これを内部調整によって同調させることで、車体全体がフラットに動く、安定したベースを作りました。
■ 第2章:バンク角と舵角の「整合性」
編:
その「同調」によるメリットは、走りにどう現れますか?
例えばワインディングなどで、ライダーはどう体感できるのでしょう。
新保:
一番の違いは、「ハンドルの切れ角」と「車体のバンク角」の整合性が取れることです。
編:
整合性、ですか?
新保:
ええ。バランスが整っていないと、寝かせても曲がらない、あるいは逆に切れ込みすぎるといったズレが生じ、ライダーは無意識に修正舵を当ててしまいます。
しかし、前後が揃った状態であれば、車体を寝かせた量に対して、フロントタイヤが自然に“向きを作る”領域(セルフステア)が素直に立ち上がります。
(※セルフステア:タイヤの特性で、車体を倒すと自然にハンドルが内側へ向こうとする働きのこと)
編:
無理にこじらなくても、狙ったラインに乗れるわけですね。
新保:
そうです。余計な操作が減るため、狙ったラインの再現性が上がり、結果として「意のままに操る楽しさ」が増します。
これが、私が考える「バイク本来の面白さ」です。
■ 第3章:“有効ストローク”を使える状態へ
編:
オンロードの旋回性は分かりました。しかし読者が心配するのは、「ローダウンでストローク量が減ると、オフロード性能やトラクションが落ちるのではないか?」という点です。
新保:
その点については、**「有効ストローク(仕事をする領域)をどう使うか」**という視点で考える必要があります。
編:
長さそのものよりも、中身が重要ということですか?
新保:
はい。いくらストロークが長くても、初期が硬すぎて動かなければ、路面の凹凸でタイヤが跳ねてしまい、接地が途切れます。接地が切れれば、当然グリップ(トラクション)は失われます。
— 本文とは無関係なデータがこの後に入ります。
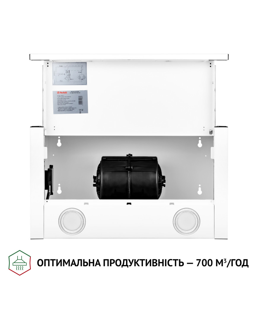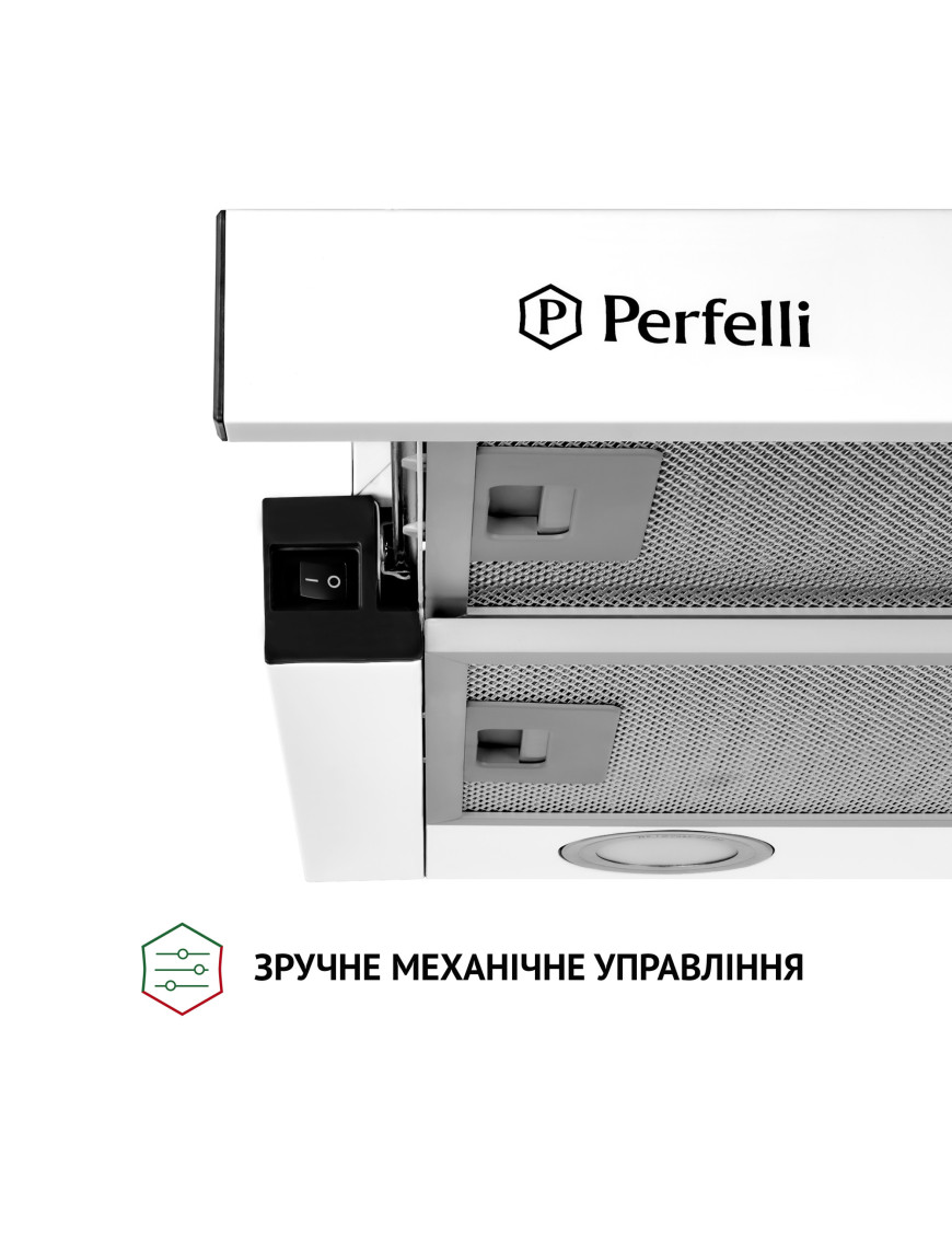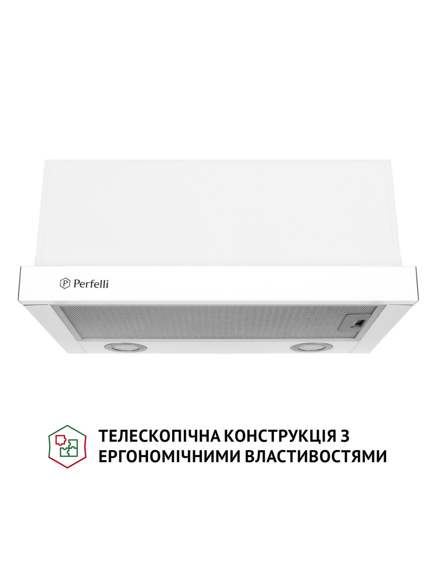 Телескопическая кухонная вытяжка Perfelli TL 5212 WH 700 LED обладает эргономичными свойствами, поэтому позволяет рационально использовать пространство в зоне над варочной поверхностью. Конфигурация модели включает:

今回の仕様は、ローダウンによって車体姿勢や使えるストロークの条件は変化しますが、その中で初期から素直に動き、路面を捉え続ける「追従性」を重視しました。
編:
なるほど。動かない長足よりも、しっかり動いて路面を離さない足の方が、結果としてグリップすると。
新保:
その通りです。
**「有効ストロークを使える状態に整える」**ことで、オフロードのギャップでもタイヤが弾かれにくく、安心してアクセルを開けられる状態を作っています。
■ Q&A:よくあるご質問
Q:ローダウンすると、底付きしやすくなりませんか?
A: スプリングを安易に短縮するだけの加工では底付きのリスクがありますが、SGFではスプリングレートや減衰力、油面(エアバネ効果による奥の踏ん張り調整)などをトータルで設定します。「使える領域」を正確に合わせ込むことで、実用上の底付き耐性を確保しています。
Q:オフロード走行で不利になりませんか?
A: モトクロスコースで大ジャンプをするような用途であればノーマルのストローク長が有利ですが、林道ツーリングやガレ場などでは、むしろ「足つきの安心感」と「サスペンションの追従性」が武器になります。お客様の用途に合わせて最適な仕様をご提案します。
■ 結論:愛車を「自分仕様」にする楽しみ
編:
「下げる」というよりは、「最適化する」という言葉がしっくりきますね。
新保:
ええ。DR-Z4Sは素晴らしいバイクです。だからこそ、オーナー一人ひとりの体格や使い方に合わせて、その性能を余すことなく引き出してほしい。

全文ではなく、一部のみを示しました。